Display a Progress Bar
The goal of this challenge is simple: given a ratio of whole numbers, output a 50-character long progress bar representing the ratio.
Rules
Input
- Your program must take two numbers as input. These numbers will be the numerator and denominator of the ratio, in that order. Your program cannot take the calculated result of the ratio as input. So, an input of $1/4$ is fine, but not $0.25$.
- The numbers may be entered separately, or together with a
/
as a separator, whichever works best with your chosen language. - The numerator can be any integer greater than or equal to $0$, and the denominator can be any integer greater than $0$.

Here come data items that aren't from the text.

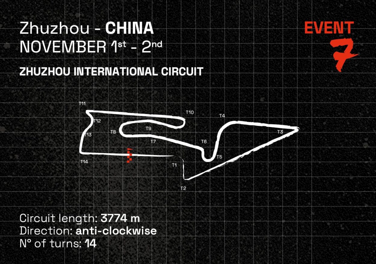 Quello di Zhuzhou è uno dei tracciati più corti dell’intera kermesse del 2025, non raggiungendo nemmeno i 3.8 chilometri di lunghezza. Quattordici sono le curve che portano il circuito cinese ad essere anche il secondo a girare in senso anti-orario.
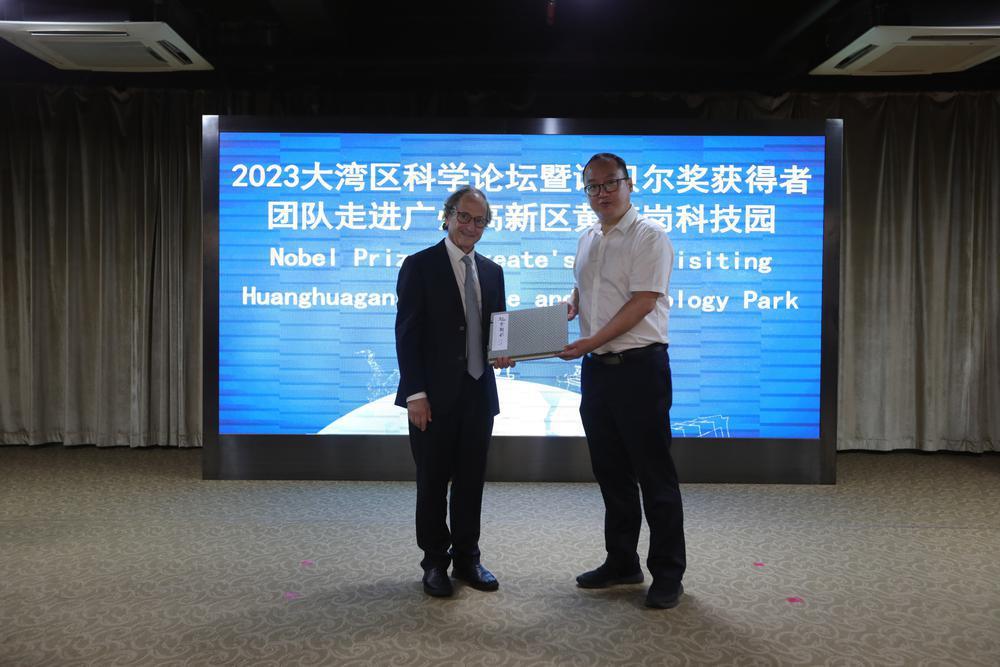 当天,诺贝尔奖获得者及团队参观了中山大学附属肿瘤医院,并在黄花岗科技园创意大道园区见证了越秀生命健康产业人才会客厅揭牌,越秀区委组织部在活动上为迈克尔·莱维特 (Michael Levitt)教授赠送《越秀新彩》画卷。据介绍,越秀生命健康产业人才会客厅将引入人才服务机构提供人才“产学研用”全链条服务和投融资支持,致力吸引海内外人才带项目在越秀成果转化落地。
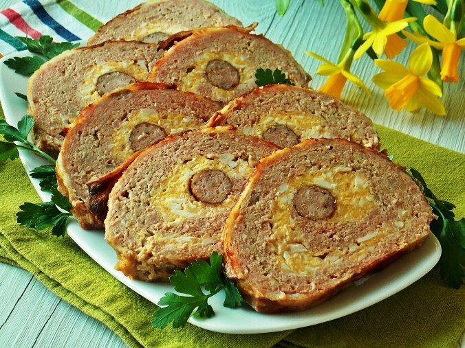 Мясной рулет из свинины, рецепт которого я предлагаю на этой странице – это шикарное мясное блюдо на Пасху. Готовится рулет из рубленого мяса, с начинкой из яиц и копченой колбаски, все это обернуто копченым беконом, который придает рулету характерный вкус, а также делает блюдо сочным и мягким, не давая вытекать сокам из мяса. Мясной рулет из свинины в духовке – очень вкусное, ароматное, красивое блюдо. Вам понравится нежное, мягкое и сочное мясо с ароматом чеснока, хрена и копченостей. Кусочки рулета из мяса свинины с начинкой выглядят празднично, не разваливаются во время нарезки, а готовится это блюдо совсем не сложно. Рекомендую! ИНГРЕДИЕНТЫ Для мясной смеси: 1 кг фарша из лопатки свинины; 2 яйца; 2 ломтика белого хлеба; молоко для замачивания хлеба; 2 зубчика чеснока; 1 луковица; 1 ст. ложка томатной пасты; 1 ч. ложка паприки молотой; 1 ч. ложка соли; перец черный – по вкусу; 300 г копченого бекона. Для яичной начинки: 5 яиц; 100 г твердого сыра; 1 ст. ложка майонеза; 1 ст. лож
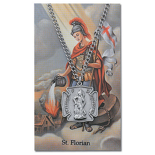 This genuine pewter Saint Florian firefighter medal is on a 24 inch pewter chain with matching laminated prayer card. Medal size: 1in x 1in. Card measures 2 3/4 inches by 4 1/2 inches.
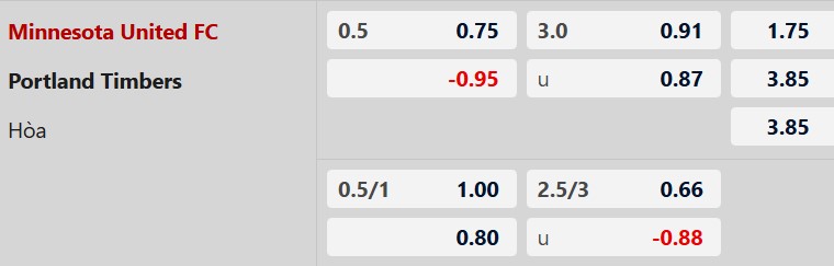 Soi kèo châu Á Minnesota vs Portland Timbers:

- The ratio cannot be greater than 1, or less than zero. So $0 \le r \le 1$ where $r$ is the ratio. Thus, ratios like $12/3$ are not allowed.
Output
- Your program must output a progress bar that is 50 characters in length, not counting the enclosing brackets.
- The progress bar must fill from left to right.

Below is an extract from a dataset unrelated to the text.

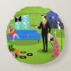 Deze Retro Urban-kerstparing-ronde Pillow is voorzien van een cartoon tekening van een elegant penthouse appartement dat allemaal gedecoreerd is voor de feestdagen met kleurrijke kerstlichten en een kitschy, roze, kerstboom, compleet met blauwgroen siervoorwerpen en een gele ster. Het appartement heeft een groene vloer en een groene bakstenen muur. Op de muur zijn vier Klassieke Drukken van het Canvas van de Film Martini Verretched, ook beschikbaar bij de opslag Zazzle van StrangeLittleOnion (wenk, wenk!). Drie van de prints hebben een turkooisachtergrond en een is op een zwarte achtergrond. Onder het schilderwerk is een blauwe, moderne sofa uit de middelste eeuw. Een verfijnde, ravenharige schoonheid zit op de bank. Ze draagt een levendige rode jurk en een kersthoed. Aan de ene kant houdt ze een bolletje mistletoe vast, gebonden met een rode boog. Aan de andere kant van de kamer is er een suave, groot, donker, en knap man. Hij draagt een zwart pak, wit shirt en rood stropdas. Aan de ene kant heeft hij een vinylplaat, en aan de andere kant houdt hij een leuk album cover. Op de vloer is er een oranje tomaan met een groene en zwarte platenspeler. Tegen de ottoman is een andere albumomslag voorzien van een verslag dat uit de kant uitrolt. Er zijn ook drie kleurrijke vinylalbums verspreid over de vloer. Achter het man zien we, door glijdende glazen deuren, sneeuw die valt op een groen balkon en de stad eronder. Een witte kat met een rode boog rond zijn nek is aan de rand van het balkon vastgeperst. Naast de kat is er een adembenemende skyline compleet met skyscrapers en een gele halve maan. De tegenovergestelde kant van de kussen heeft een leuk, groen baksteenpatroon. Als de andere helft zo leeft, teken me dan op!
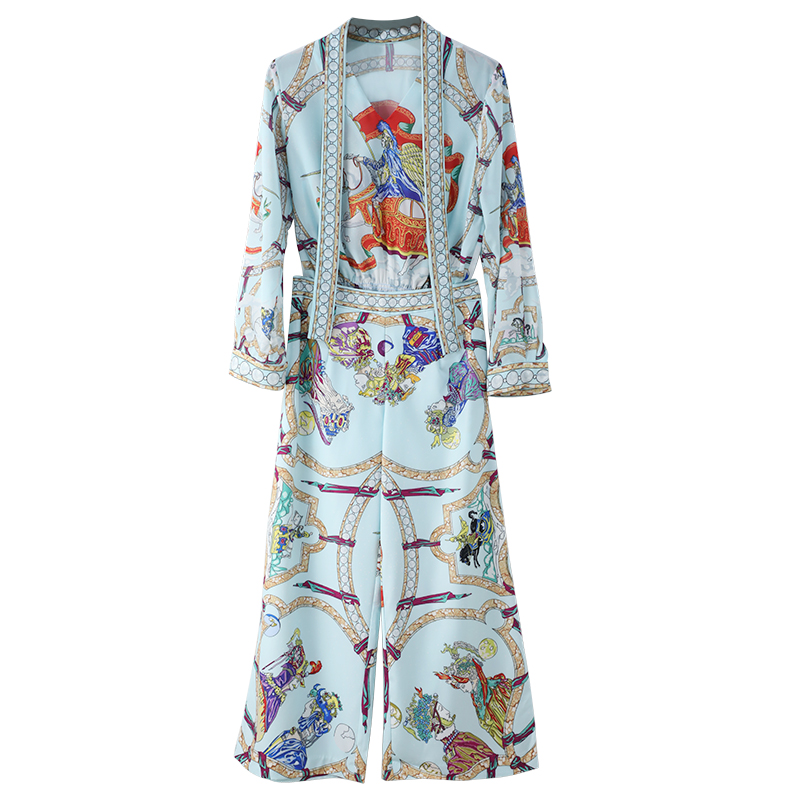 2018歐洲站時尚氣質修身印花洋氣收腰上衣九分闊腿褲套裝兩件套潮

- The "filled" part of the progress bar must be made of pipes
|
, and the "empty" part of the progress bar must be made of dashes-
. - The progress bar must be enclosed in square brackets
[]
. - Whitespace is fine at the end of the output, but not anywhere else.
- When calculating the number of "filled" characters to output, you may round in whichever direction your language supports.
Scoring
This is a code-golf challenge, so the shortest code in bytes wins!
Examples
Example 1
Input: 1/2
Output: [|||||||||||||||||||||||||-------------------------]
Example 2
Input: 2/3
Output: [|||||||||||||||||||||||||||||||||-----------------]
Example 3
Input: 234/300
Output: [|||||||||||||||||||||||||||||||||||||||-----------]
Example 4
Input: 5/50
Output: [|||||---------------------------------------------]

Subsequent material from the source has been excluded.